Assignment
Extract precisely the lines that run from the line containing "(1)は2点から一次関数の式を求めるオーソドックスな問題。" to the end of the records below, with both ends included and pictures omitted.

Available data
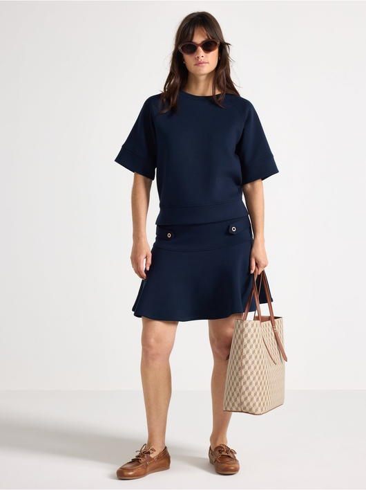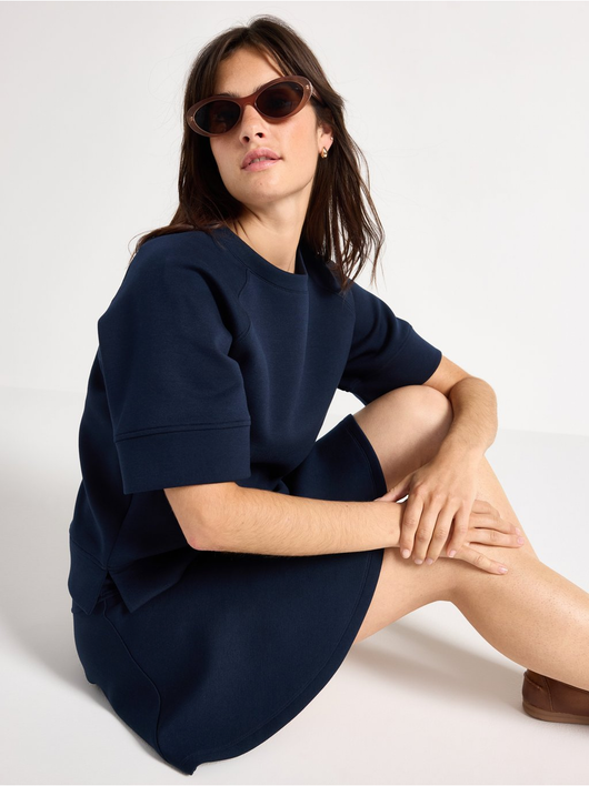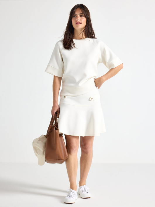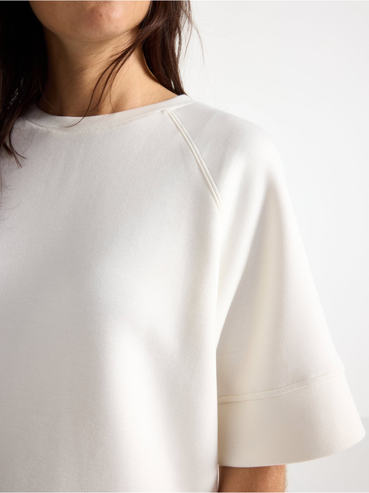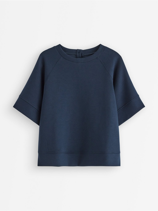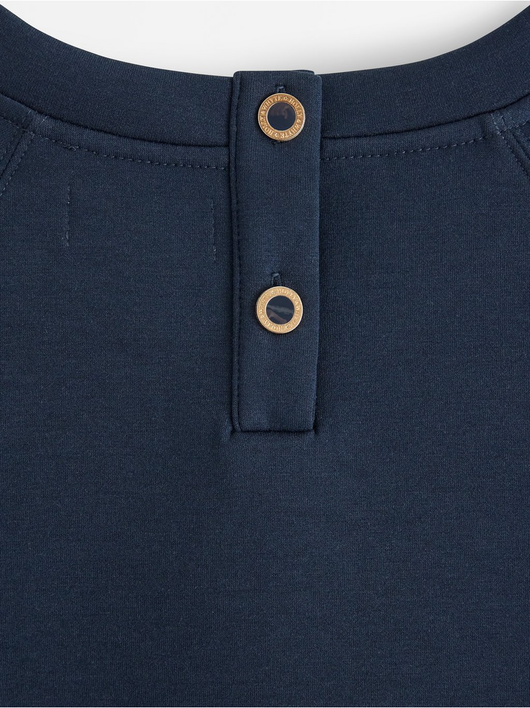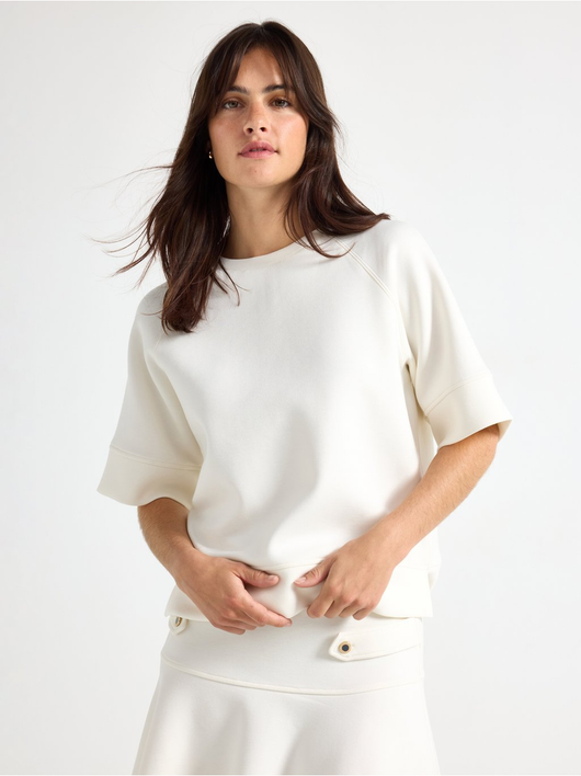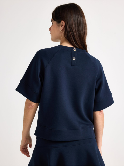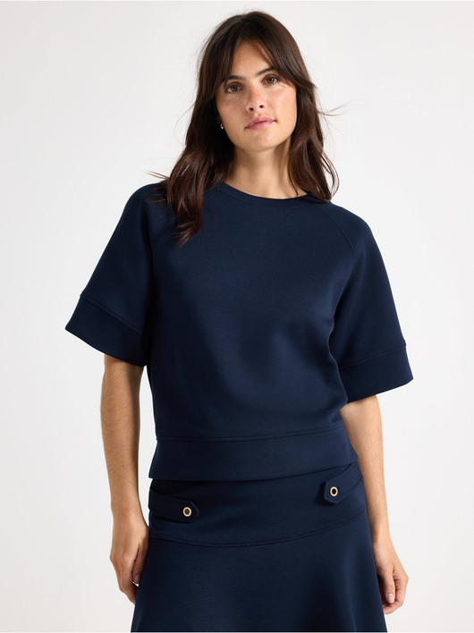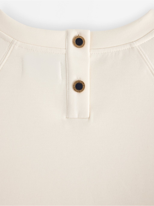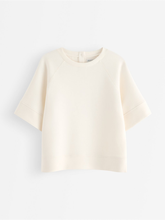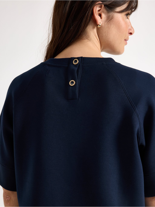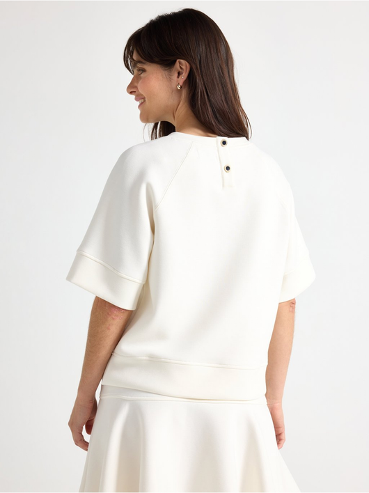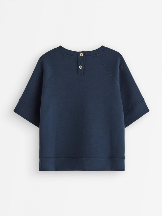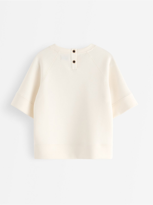 Short-sleeved sweatshirt in jersey with a round neckline and two buttons at the back of the neck.
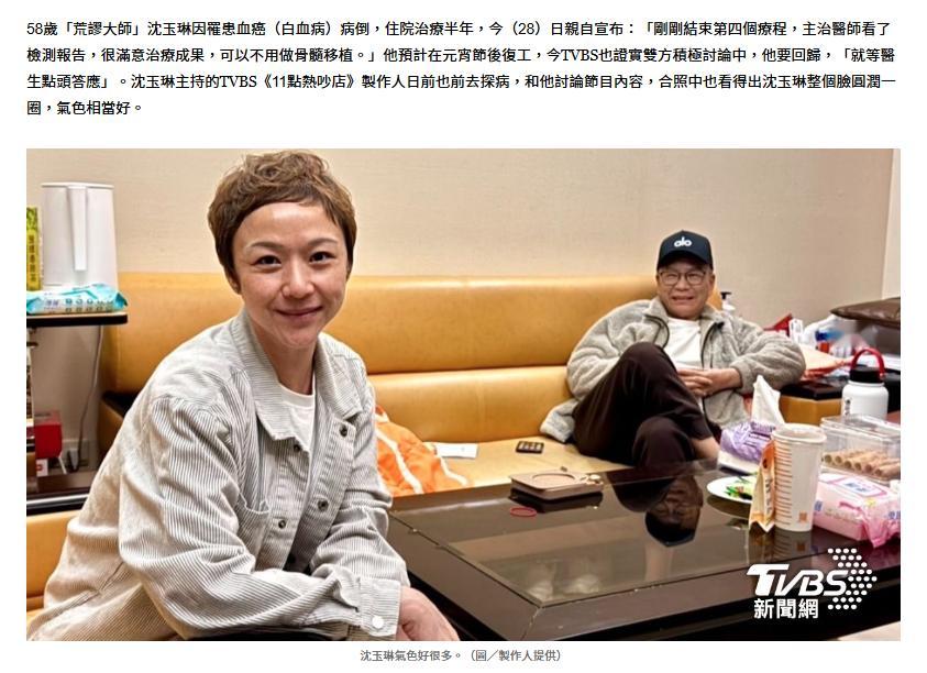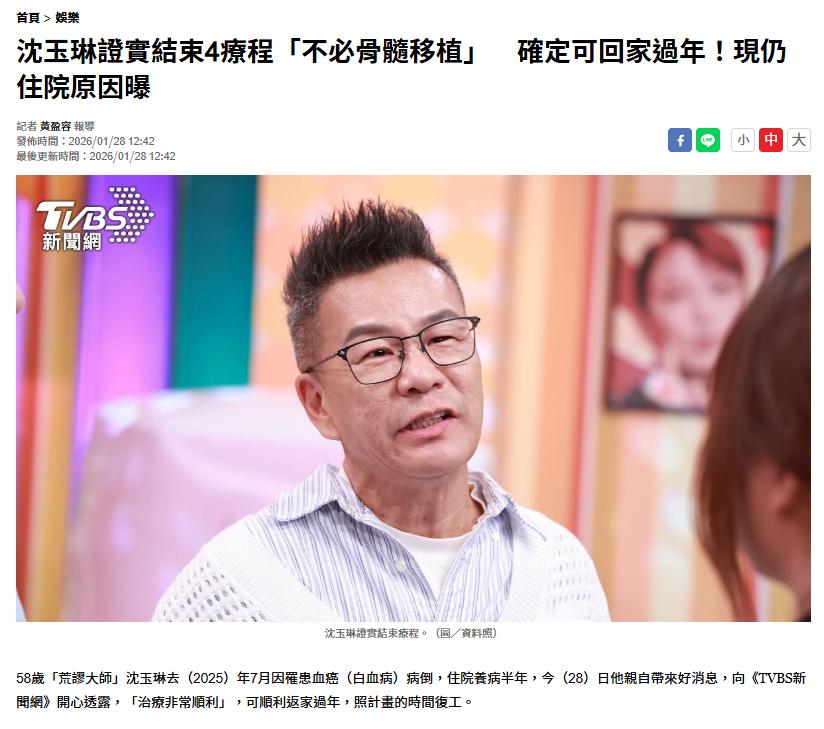 【沈玉琳预计元宵节后复工】沈玉琳说过年回家没问题 去年7月,58岁“荒谬大师”沈玉琳因罹患白血病病倒,之后住院治疗半年。1月28日,沈玉琳向TVBS新闻网开心透露,治疗非常顺利:“刚刚结束第4个疗程,主治医师看了检测报告,很满意治疗成果,可以不用做骨髓移植,所以回家过年应该没问题,推估复工时间是元宵节过后。”外界担心他的体力问题,会否考虑缩短一周主持的集数?沈玉琳直言:“如果复工就会是全面复工,血液疾病只要血球回复正常值就跟一般人没两样。”要大家放心。
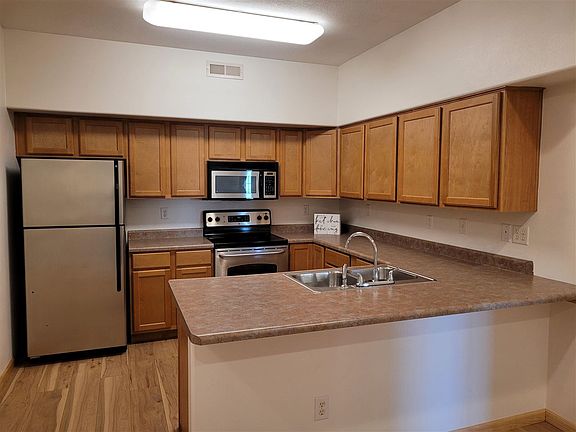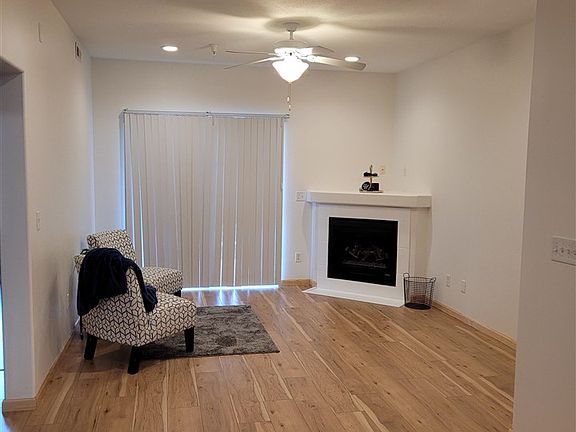 This condo in Stonehedge Condominiums features 2 bedrooms and 1 bath with an open floor plan. This unit has been completely remodeled with NEW flooring, drywall and all new paint throughout in AUGUST of 2022 It is located on the 1st floor with a nice walk out patio. It features a gas fireplace in the living room and breakfast bar in the kitchen. Laundry is located directly off the kitchen. This condo is on the backside of the building so there is lots of privacy.
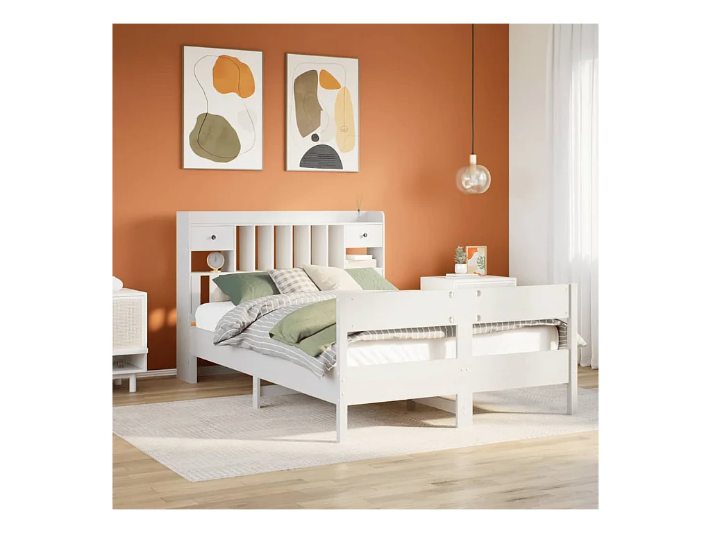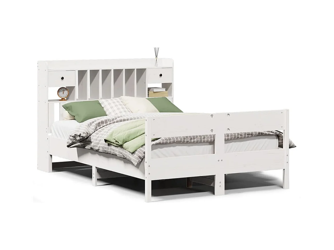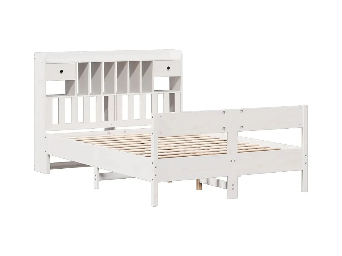 Bed met boekenkast zonder matras grenenhout wit 150x200 cm
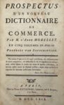 MORELLET (André) — Prospectus d'un nouveau dictionnaire de commerce.
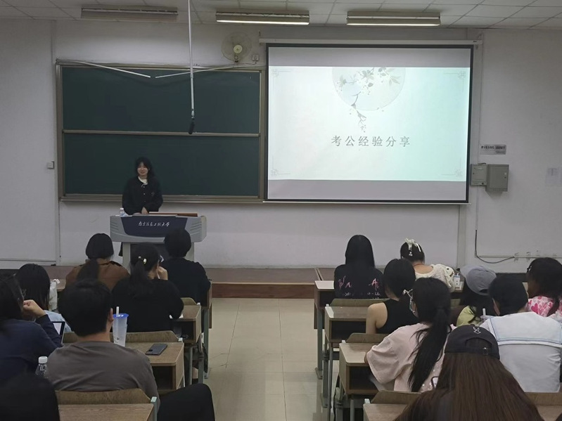 金安涵同学全面分享了公务员考试笔试和面试经验,并对信息资料查询平台、做题刷题等指导;方霖菲简单解读了国家汉办出国志愿者的报名流程及相关政策,介绍了相关福利待遇政策。汪雨意重点讲述了考地方教师编的报名流程以及备考和面试讲课的应答技巧等。
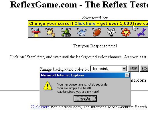 Dale al botón start, espera hasta que el fondo cambie de color y dale a stop. 0.15 es mi mejor puntuación, a ver cómo lo hacéis. http://reflexgame.com/.
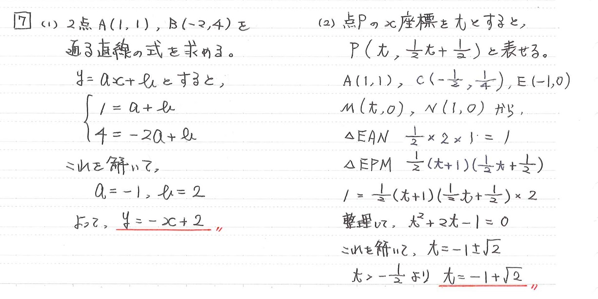 (1)は2点から一次関数の式を求めるオーソドックスな問題。
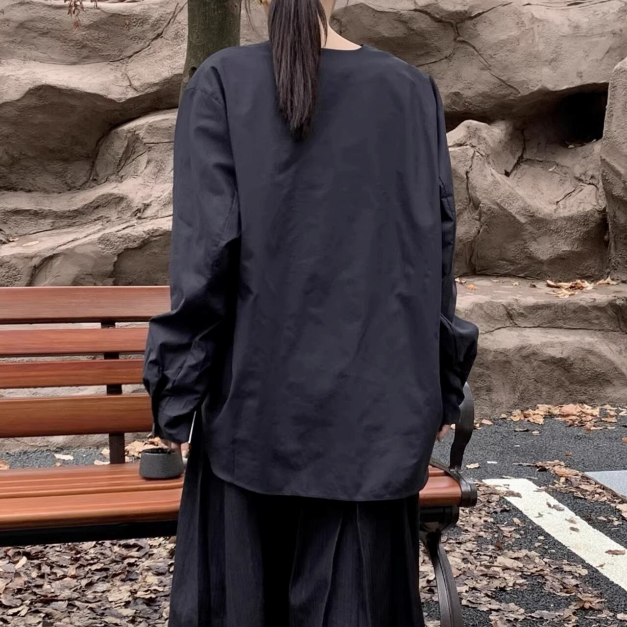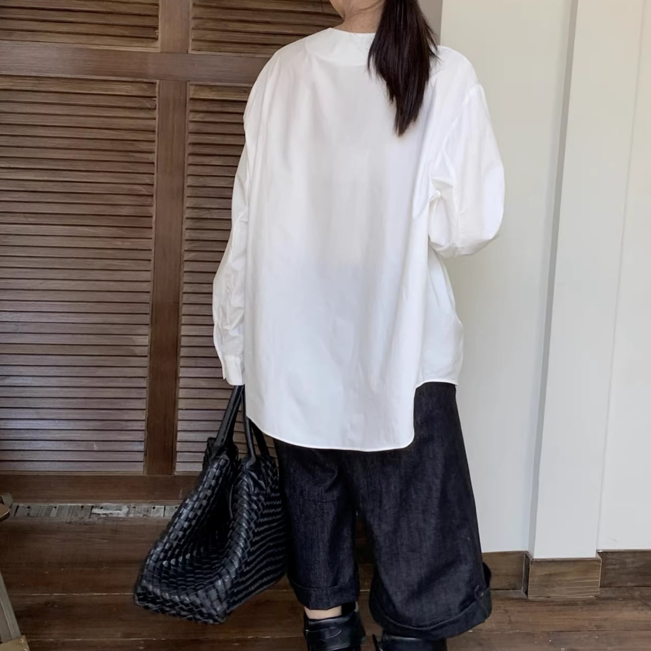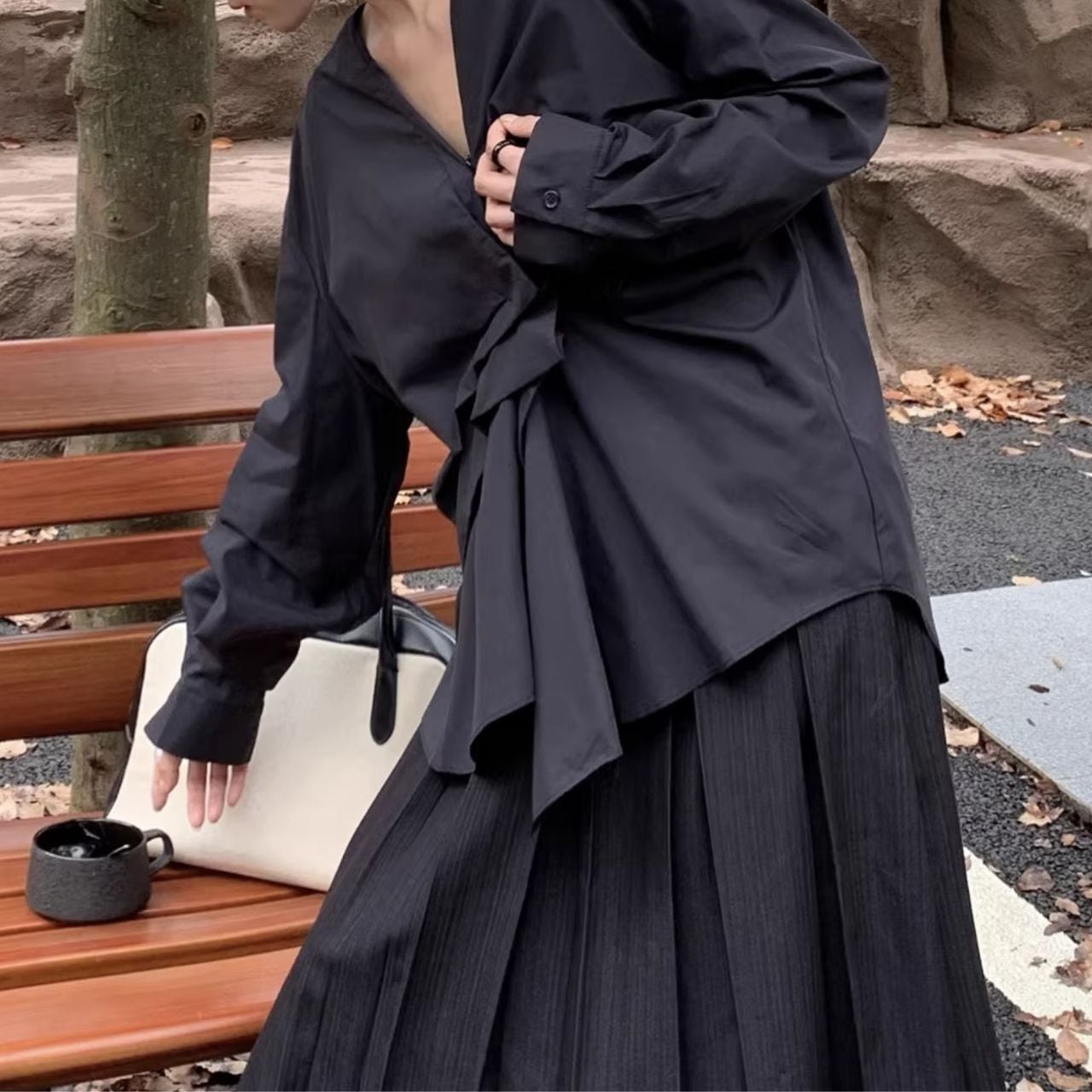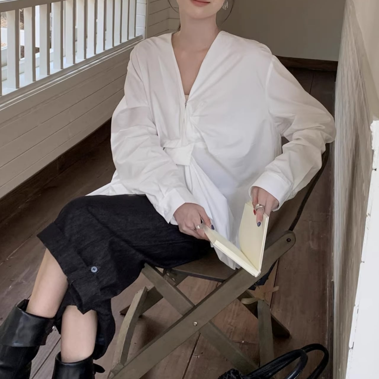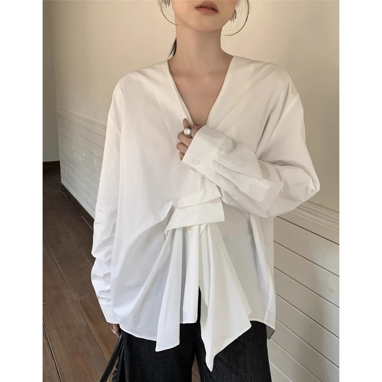 Vネックにプリーツを施したフレンチライクなシャツ。

Response to this exercise
 (1)は2点から一次関数の式を求めるオーソドックスな問題。
 Vネックにプリーツを施したフレンチライクなシャツ。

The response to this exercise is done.